Photos1440 returns to the State Library of New South Wales this month to celebrate its 10th milestone year. Printed by SUN Print Sydney, the 2021 exhibition looks over moments from the past 12 months as captured by Sydney Morning Herald photographers, alongside a retrospective of some of the most potent press imagery of the last decade.
“Our photographs are more than the first draft of history; they’re powerful gut punches that force everyone from politicians and philanthropists to mums and dads to sit up and take notice. They demand a visceral response,” said Mags King, the Sydney Morning Herald’s Managing Photo Editor and exhibition curator.
“This year’s Photos1440 showcases some of the most poignant, powerful, spectacular and quiet moments that we have had the privilege to witness. In particular, the images from the past 12 months capture the stories that have unified – and divided – us all."
James Brickwood, staff photographer at The Sydney Morning Herald / Australian Financial Review and member of Oculi Collective, has exhibited as part of each annual show to date.
He spoke to Sunroom about the stories behind a selection of his included images and the role of exhibitions in slowing down viewers to reflect.

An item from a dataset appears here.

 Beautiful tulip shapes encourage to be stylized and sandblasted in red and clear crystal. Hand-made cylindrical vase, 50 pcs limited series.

When did you start working with the Sydney Morning Herald and how did you get your foot in the door?
I started at the SMH in 2003. I landed a job as a copy kid for the photographic desk. Answering phone calls, faxes, emails - admin work for the photographic department.
My boss at the time, Sandra Harrison, was quite upfront with me. She said, “You won’t be taking photos in this role so get that out of your head.” I was a bit of a ratbag and this kind of tough approach worked on me.

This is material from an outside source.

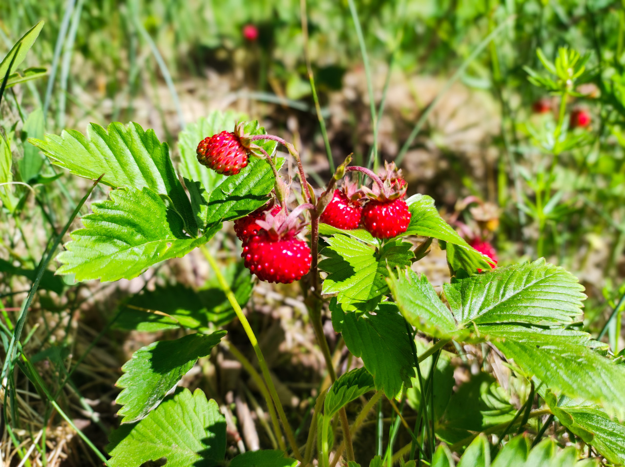 Снимок сделан с низкой точки: в центре кадра небольшой кустик земляники с несколькими красными ягодами разной степени зрелости и тройчатыми листьями с зубчатым краем. Вокруг видны стебли трав, сухие прошлогодние листья и фрагменты почвы, а задний план уходит в мягкое размытие. Яркое дневное солнце подчёркивает фактуру зелени и даёт контрастные тени. По насыщенной растительности читается летний сезон. Фото можно использовать в статьях о дикорастущих ягодах и лесной экосистеме, в туристических заметках, в учебных материалах по ботанике и в дизайне натуральных продуктов.

The position gave me the ears of Sydney’s best photojournalists and photo editors who were always willing to share their knowledge, critique my photography and encourage me to make my own work.
I’d had several attempts at a cadetship over those early years and I was fortunate enough to win the Walkley Young Journalist of the Year Award (in 2006 I believe). The Managing photo editor Mike Bowers had always been encouraging of my work and suggested I should perhaps go freelance as the company had recently gone through redundancies and the likelihood of a full-time position was unlikely. Not long after our discussion, a photographer decided to leave photography and a position appeared and I was incredibly lucky to fill it.
Is there a distinct culture to the SMH photographic department you’ve observed?
Definitely. The SMH had always had a reputation for a high standard of photography and its presentation, with an emphasis on documenting events and stories rather than simply illustrating them by means of a set up or static photograph.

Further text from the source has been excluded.